A geologist and former teacher who consults on geologic hazards, and often lectures on plate tectonics and related topics, Cochrane is the featured speaker for the Second Saturday series, presented by the Sonoma Historical Society at the Community Center on March 9 at 2 p.m.
After 40 years of sleuthing, Cochran sees the coastal landscape differently than most. Where others see a pond, Cochrane sees “Hole in the Head,” the huge divot left behind when plans to build a nuclear reactor on the Sonoma Coast got the kibosh from environmentalists.

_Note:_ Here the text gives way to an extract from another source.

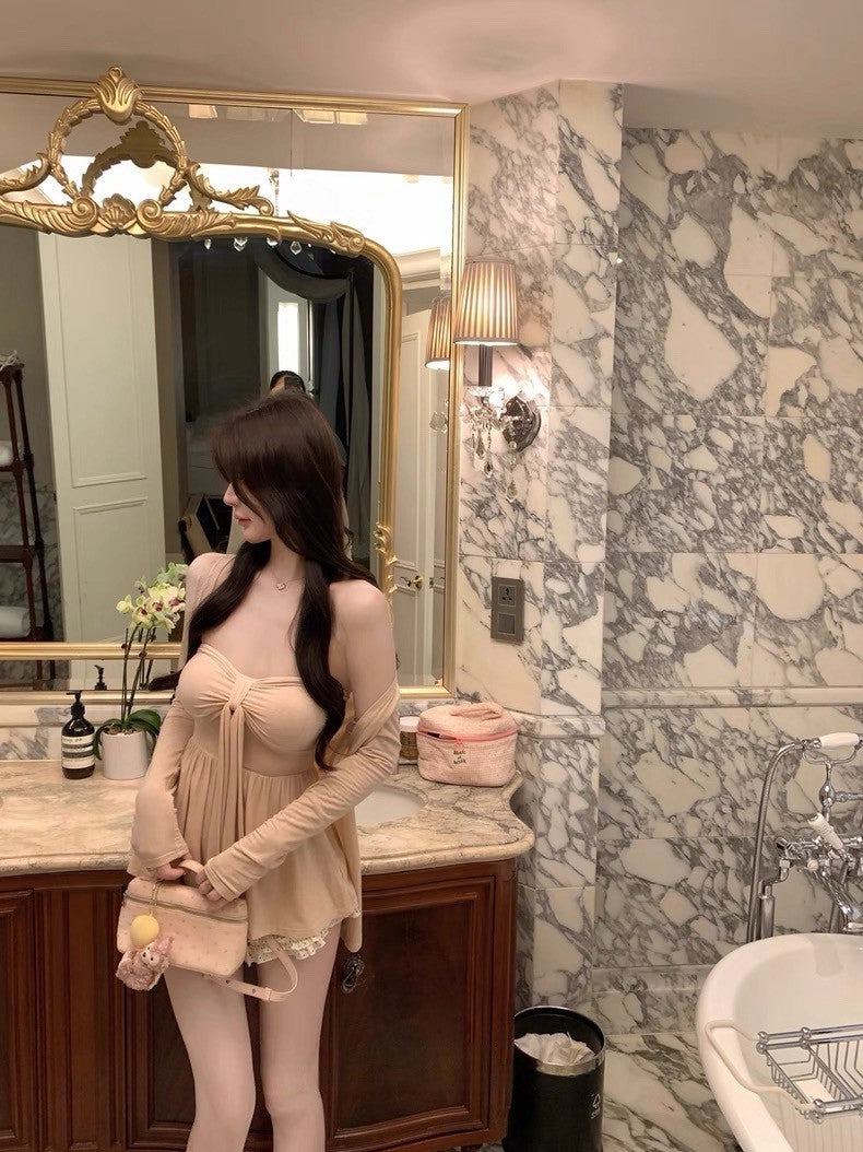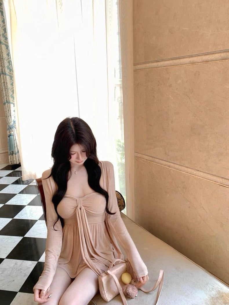 25Aug. 慵懶姐系 莫代爾抹胸外套2件組 粉

Where most people see the charming town of Bodega Bay, Cochrane sees the convergence of tectonic plates.
His fastidious research has produced a book titled “Shaping the Sonoma-Mendocino Coast,” which includes well-defined road logs for 85 miles of coast, pointing the curious toward easy-to-miss landmarks, like “PGE marker 45.35” at Salt Point State Park, where a willingness to hike is rewarded by views of towering sea stacks from bluffs where few humans tread.
Cochrane’s lecture will introduce attendees to concepts like the Geologic Time Clock and “Deep Time,” in a detailed yet approachable style. Learn why the Sonoma-Mendocino coastline looks as few others do, and discover a guide to its fascinating oddities.
Admission is $5, free to Historical Society members and local docents.